● **Provided information**:
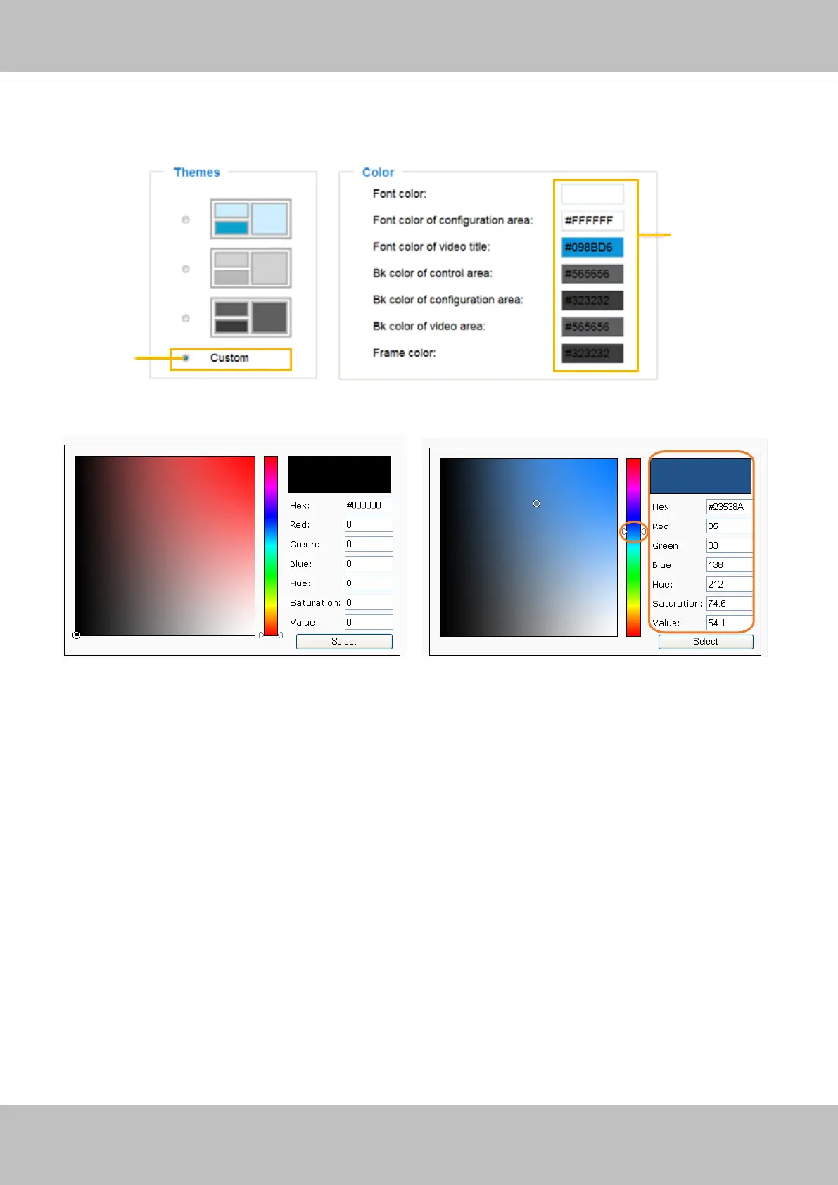 5. The selected color will be displayed in the corresponding elds and in the Preview column.
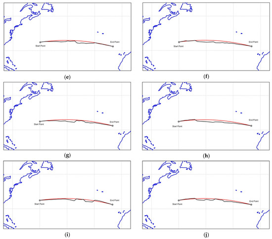 In this respect, Figure 4a–d provide the optimal routes with reference to the four selected conditions. In all cases, the great circle route is highlighted in red, the optimum route is depicted in black, while the grey circles represent the starting and the ending points. Besides, Table 3 provides the difference, Δ c , between the great circle and optimum route, that maximizes the ship performances, together with the percentage variation, Δ S P I , of the Seakeeping Performance Index ( S P I ) , as regards the values corresponding to the great circle route. Based on the current results, the percentage increase of the route length ranges from 1.1% up to 2.7%, while the S P I increase is much higher and ranges from 10% up to 40%. These results clearly show that the ship seakeeping performances can be highly improved, without significantly increasing the voyage length and, consequently, the fuel consumptions.
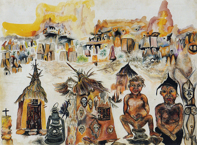 Dogon Country, Mali Drawing and Water Colors 60 x 40 cm
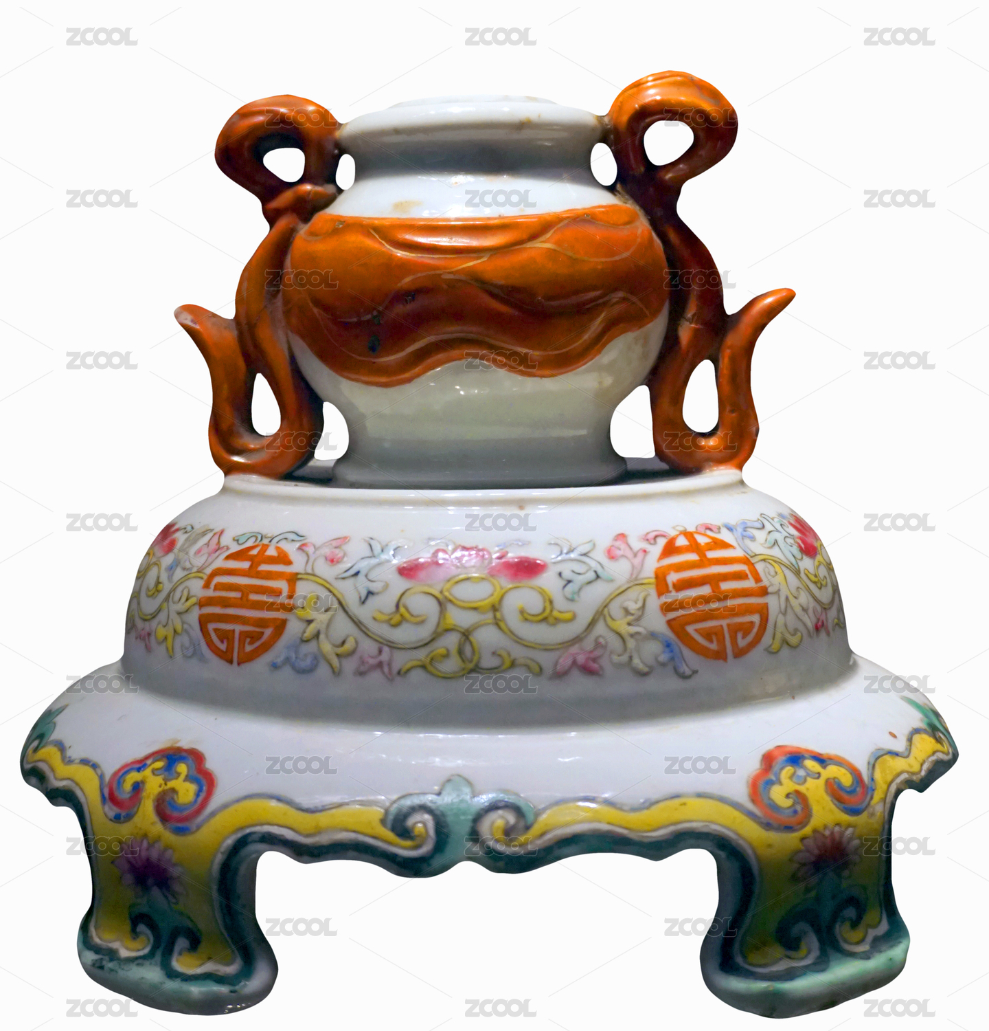 清末民初老物件照明燈具 粉彩瓷燭臺(tái)
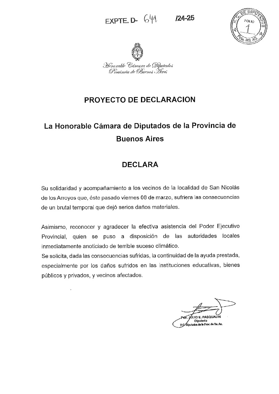 Pasqualin, oriundo de nuestra ciudad, presentó esta iniciativa en la Cámara Baja bonaerense, y allí plantea también su reconocimiento por la ayuda que brindó en todo momento el gobierno bonaerense.
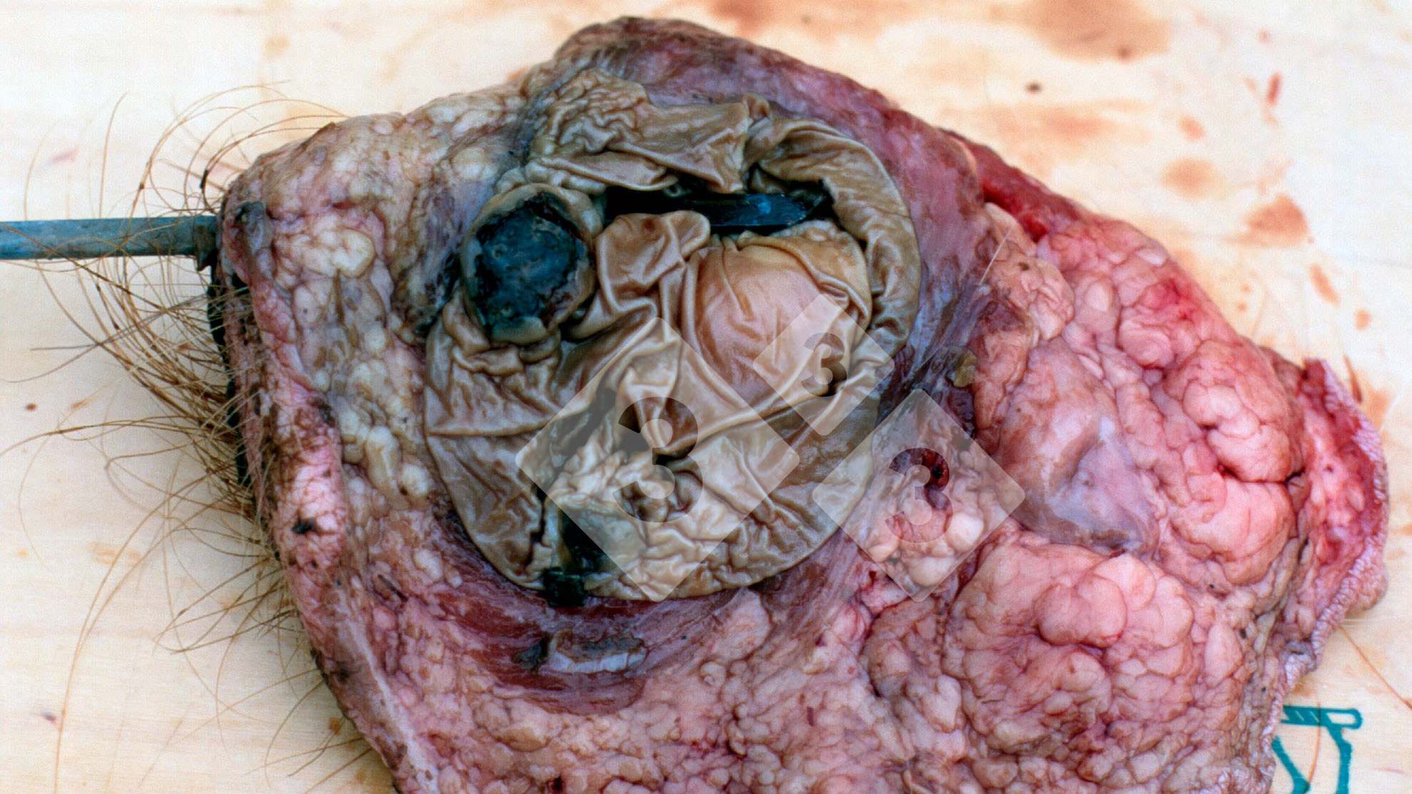 Ces lésions ne sont pas fréquentes chez les verrats adultes et peuvent être palpées à travers l'orifice préputial avec un petit doigt (avec le mâle bien immobilisé). Une petite partie des lésions produira une hémorragie sporadique ou, comme dans ce cas, persistante. Bien qu'il ait été suggéré que Chlamydophila et Brucella suis puissent être la cause de ces ulcères, ce n'est pas tout à fait clair et la plupart de ces lésions sont probablement le résultat d'un mélange d'infections non spécifiques dans le diverticule préputial. Les ulcères préputiaux associés à PPA / PPC ne sont pas bien connus, mais en théorie, ils pourraient se produire si d'autres lésions hémorragiques sont observées. (Macroscopiquement, cette lésion ressemble à un ulcère en bouton de la muqueuse du colon). L'instillation locale d'antibiotiques à large spectre (tels que les préparations intramammaires qui sont utilisées en dehors de cette indication) et l'élimination régulière du liquide accumulé devraient être capables de guérir la lésion, mais les cas graves ou persistants répondent mal au traitement. L'ablation chirurgicale avec anesthésie a été suggérée, mais elle a une justification économique douteuse. La présence de sang dans le sperme n'est pas nécessairement spermicide, mais le changement de couleur le rendrait inacceptable pour la vente.

● **Problem**:
Nothing but an exact repeat of the records, pictures excluded, belongs in the answer.

● **Output for this exercise**:
 5. The selected color will be displayed in the corresponding elds and in the Preview column.
 In this respect, Figure 4a–d provide the optimal routes with reference to the four selected conditions. In all cases, the great circle route is highlighted in red, the optimum route is depicted in black, while the grey circles represent the starting and the ending points. Besides, Table 3 provides the difference, Δ c , between the great circle and optimum route, that maximizes the ship performances, together with the percentage variation, Δ S P I , of the Seakeeping Performance Index ( S P I ) , as regards the values corresponding to the great circle route. Based on the current results, the percentage increase of the route length ranges from 1.1% up to 2.7%, while the S P I increase is much higher and ranges from 10% up to 40%. These results clearly show that the ship seakeeping performances can be highly improved, without significantly increasing the voyage length and, consequently, the fuel consumptions.
 Dogon Country, Mali Drawing and Water Colors 60 x 40 cm
 清末民初老物件照明燈具 粉彩瓷燭臺(tái)
 Pasqualin, oriundo de nuestra ciudad, presentó esta iniciativa en la Cámara Baja bonaerense, y allí plantea también su reconocimiento por la ayuda que brindó en todo momento el gobierno bonaerense.
 Ces lésions ne sont pas fréquentes chez les verrats adultes et peuvent être palpées à travers l'orifice préputial avec un petit doigt (avec le mâle bien immobilisé). Une petite partie des lésions produira une hémorragie sporadique ou, comme dans ce cas, persistante. Bien qu'il ait été suggéré que Chlamydophila et Brucella suis puissent être la cause de ces ulcères, ce n'est pas tout à fait clair et la plupart de ces lésions sont probablement le résultat d'un mélange d'infections non spécifiques dans le diverticule préputial. Les ulcères préputiaux associés à PPA / PPC ne sont pas bien connus, mais en théorie, ils pourraient se produire si d'autres lésions hémorragiques sont observées. (Macroscopiquement, cette lésion ressemble à un ulcère en bouton de la muqueuse du colon). L'instillation locale d'antibiotiques à large spectre (tels que les préparations intramammaires qui sont utilisées en dehors de cette indication) et l'élimination régulière du liquide accumulé devraient être capables de guérir la lésion, mais les cas graves ou persistants répondent mal au traitement. L'ablation chirurgicale avec anesthésie a été suggérée, mais elle a une justification économique douteuse. La présence de sang dans le sperme n'est pas nécessairement spermicide, mais le changement de couleur le rendrait inacceptable pour la vente.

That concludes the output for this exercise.